Retype the entries below exactly, dropping the images.

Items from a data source
┏━━

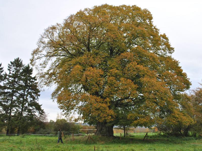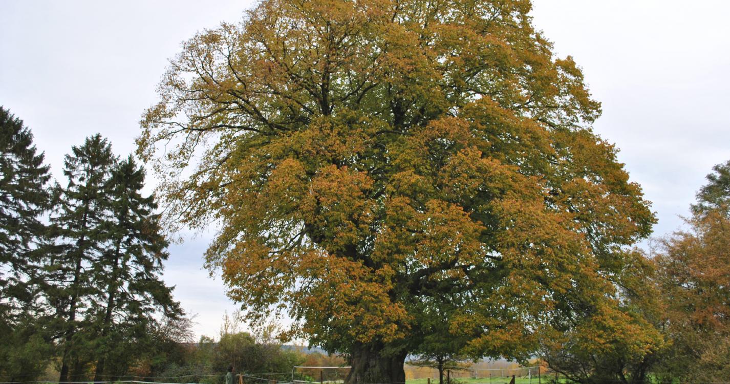 Na 400 m neemt u de weg links die u terugvoert naar de grote lindeboom vanwaar u gemakkelijk het beginpunt kunt bereiken.
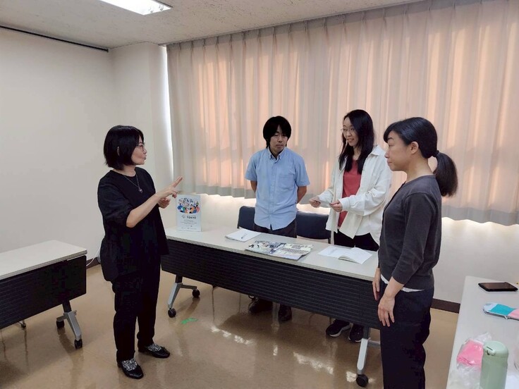 9月30日に今回の公演で観劇サポートを担当してくれる武藤さんと可兒さん主導のもと特定非営利活動法人シアター・アクセシビリティ・ネットワーク(TA-net)の「廣川麻子」さんと「石川絵里」さんをお迎えして「サポート講習会」を行いました。
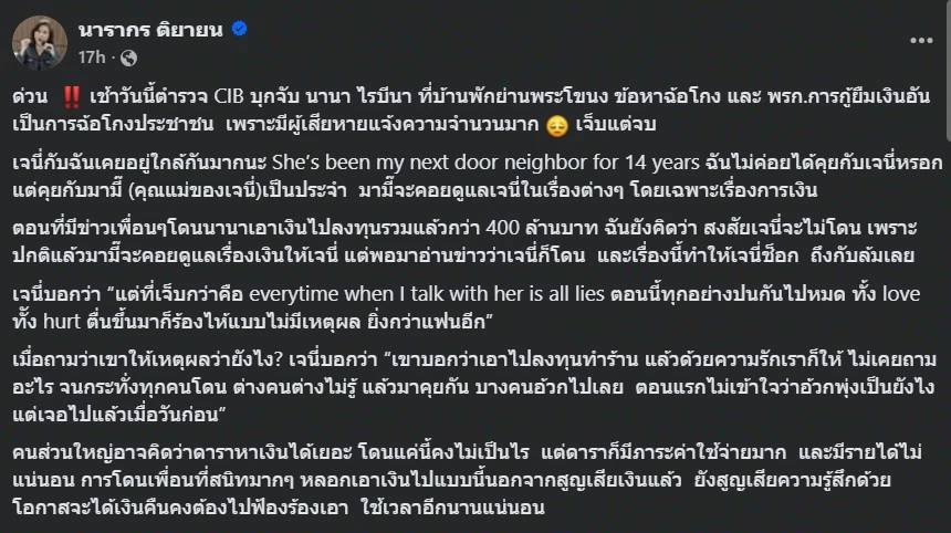 “ต๊ะ นารากร” ได้ออกมาโพสต์ข้อความ ล่าสุดผ่านเฟซบุ๊ก นารากร ติยายน ในเรื่องของ คดีนานา และ เจนี่ ระบุว่า
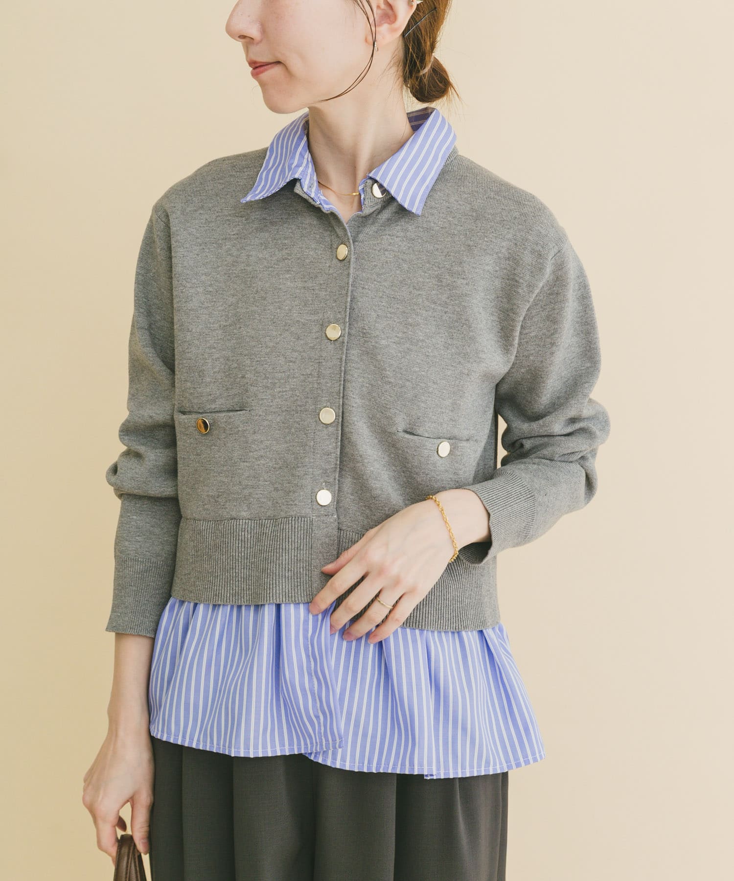 シャツレイヤーニットカーディガン
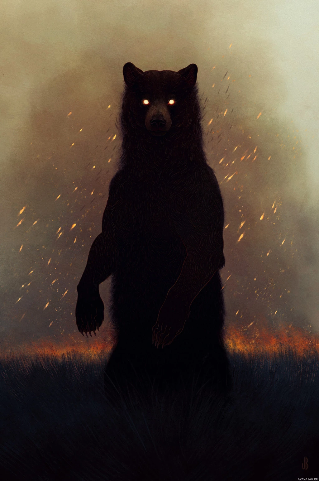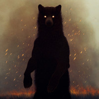 a brown bear or grizzly bear, standing in an ominous setting. The bear is facing the viewer with its mouth open as if it's roaring or growling. In the background, there are flames or fire visible, suggesting that this could be an image from

┗━━

▶ Written answer
 Na 400 m neemt u de weg links die u terugvoert naar de grote lindeboom vanwaar u gemakkelijk het beginpunt kunt bereiken.
 9月30日に今回の公演で観劇サポートを担当してくれる武藤さんと可兒さん主導のもと特定非営利活動法人シアター・アクセシビリティ・ネットワーク(TA-net)の「廣川麻子」さんと「石川絵里」さんをお迎えして「サポート講習会」を行いました。
 “ต๊ะ นารากร” ได้ออกมาโพสต์ข้อความ ล่าสุดผ่านเฟซบุ๊ก นารากร ติยายน ในเรื่องของ คดีนานา และ เจนี่ ระบุว่า
 シャツレイヤーニットカーディガン
 a brown bear or grizzly bear, standing in an ominous setting. The bear is facing the viewer with its mouth open as if it's roaring or growling. In the background, there are flames or fire visible, suggesting that this could be an image from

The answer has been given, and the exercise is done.